• DATASET EXCERPTS:

************

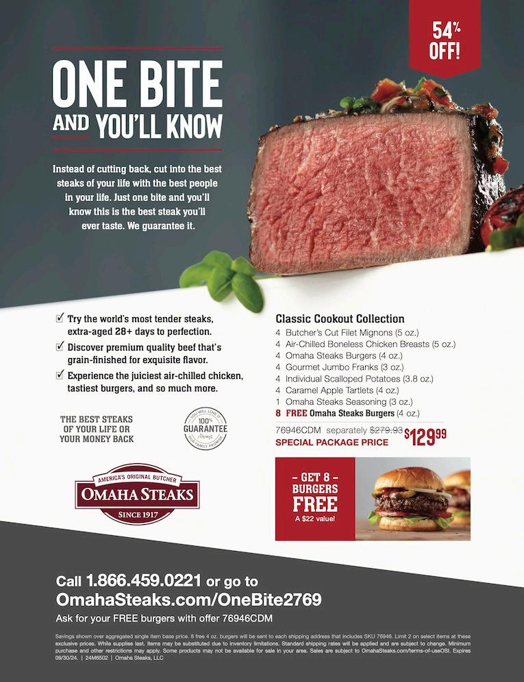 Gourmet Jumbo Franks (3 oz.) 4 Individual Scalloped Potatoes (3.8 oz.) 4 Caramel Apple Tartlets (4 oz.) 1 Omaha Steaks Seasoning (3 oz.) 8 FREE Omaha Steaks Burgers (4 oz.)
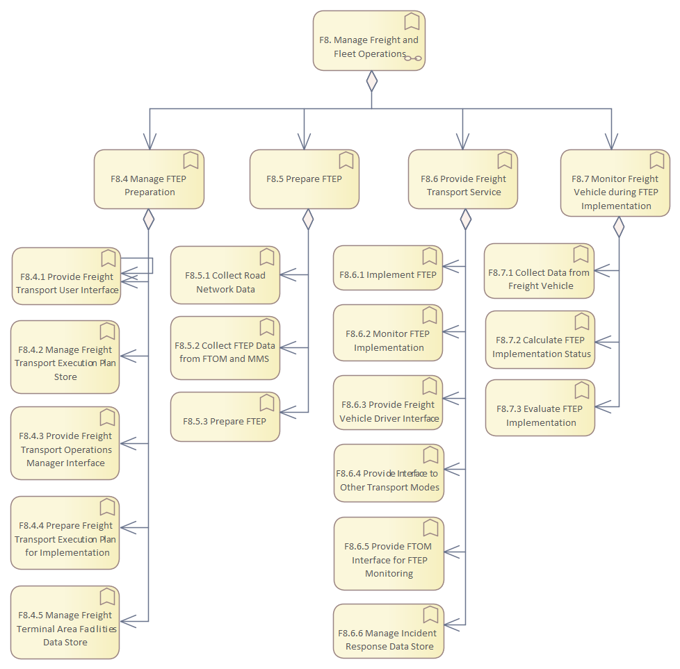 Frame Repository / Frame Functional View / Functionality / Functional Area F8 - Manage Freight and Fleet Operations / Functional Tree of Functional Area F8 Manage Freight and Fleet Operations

************

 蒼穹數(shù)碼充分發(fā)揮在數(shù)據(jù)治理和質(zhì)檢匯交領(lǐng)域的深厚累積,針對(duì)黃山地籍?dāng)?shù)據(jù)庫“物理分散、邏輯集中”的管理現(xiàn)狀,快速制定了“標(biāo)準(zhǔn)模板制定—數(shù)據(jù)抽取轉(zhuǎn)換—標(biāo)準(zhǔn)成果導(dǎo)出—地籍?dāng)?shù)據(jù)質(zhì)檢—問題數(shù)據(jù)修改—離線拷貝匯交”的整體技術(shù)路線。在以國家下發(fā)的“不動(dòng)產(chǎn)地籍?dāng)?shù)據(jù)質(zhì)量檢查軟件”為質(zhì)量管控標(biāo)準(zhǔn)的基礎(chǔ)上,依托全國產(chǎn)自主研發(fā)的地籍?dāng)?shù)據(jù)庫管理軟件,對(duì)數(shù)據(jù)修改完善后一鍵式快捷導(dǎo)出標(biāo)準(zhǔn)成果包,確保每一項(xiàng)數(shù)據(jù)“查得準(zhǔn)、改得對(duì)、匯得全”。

************

Only the lines starting at the one with "Gourmet Jumbo Franks" and ending at the one with "Frame Repository /" should be printed, each exactly as it appears in the material above; the pictures are to be omitted.

 Gourmet Jumbo Franks (3 oz.) 4 Individual Scalloped Potatoes (3.8 oz.) 4 Caramel Apple Tartlets (4 oz.) 1 Omaha Steaks Seasoning (3 oz.) 8 FREE Omaha Steaks Burgers (4 oz.)
 Frame Repository / Frame Functional View / Functionality / Functional Area F8 - Manage Freight and Fleet Operations / Functional Tree of Functional Area F8 Manage Freight and Fleet Operations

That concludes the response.